Data section>
+---+

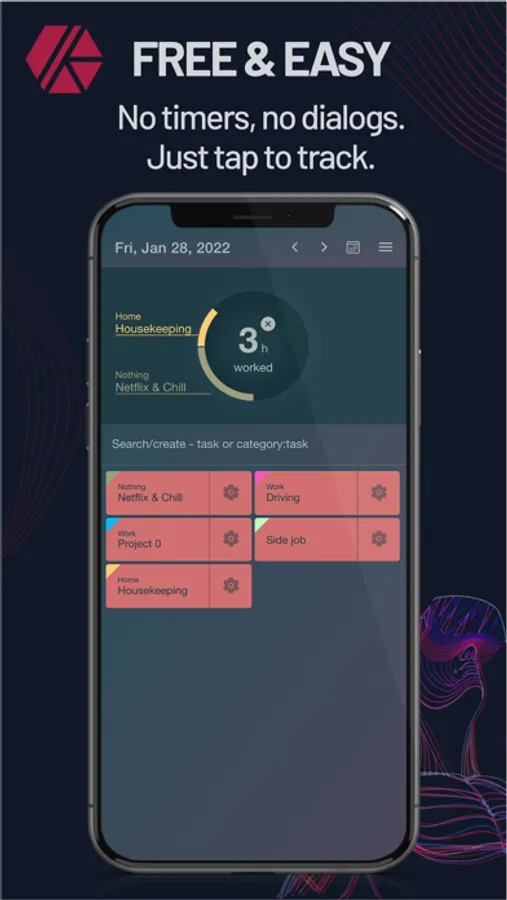 There are no timers and no dialogs to create and track time spent on your tasks.
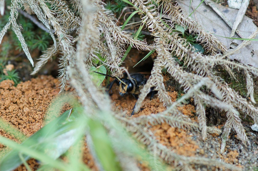 キリギリスの仲間を嬉しそうに抱えて着地。せっせと穴に詰め込んでいた。卵を産み付け、幼虫の餌にするらしい。20頭ほどがそこかしこで飛び回ったり、穴を出入りしたりしていた。可愛い顔をしている。どうせなら一頭採集するんだった。
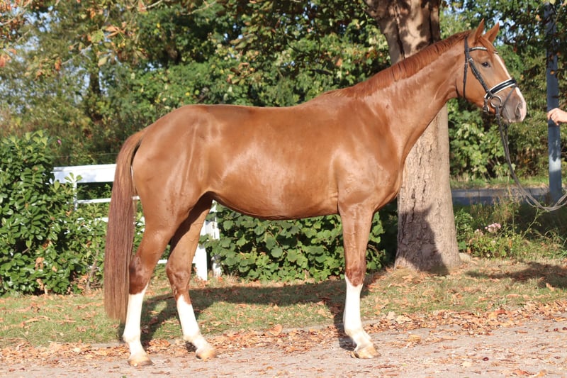 Typvolle 3-jarige merrie van Sezuan x Floris Prince, met 3 uitstekende basisgangen. Ze is braaf in de omgang, maar nog niet zadelmak. Prijs exclusief BTW. Aanvragen uitsluitend telefonisch, e-mails worden niet beantwoord.

+---+

In your copy, omit the pictures and restate every line of the data word for word.

Response>
 There are no timers and no dialogs to create and track time spent on your tasks.
 キリギリスの仲間を嬉しそうに抱えて着地。せっせと穴に詰め込んでいた。卵を産み付け、幼虫の餌にするらしい。20頭ほどがそこかしこで飛び回ったり、穴を出入りしたりしていた。可愛い顔をしている。どうせなら一頭採集するんだった。
 Typvolle 3-jarige merrie van Sezuan x Floris Prince, met 3 uitstekende basisgangen. Ze is braaf in de omgang, maar nog niet zadelmak. Prijs exclusief BTW. Aanvragen uitsluitend telefonisch, e-mails worden niet beantwoord.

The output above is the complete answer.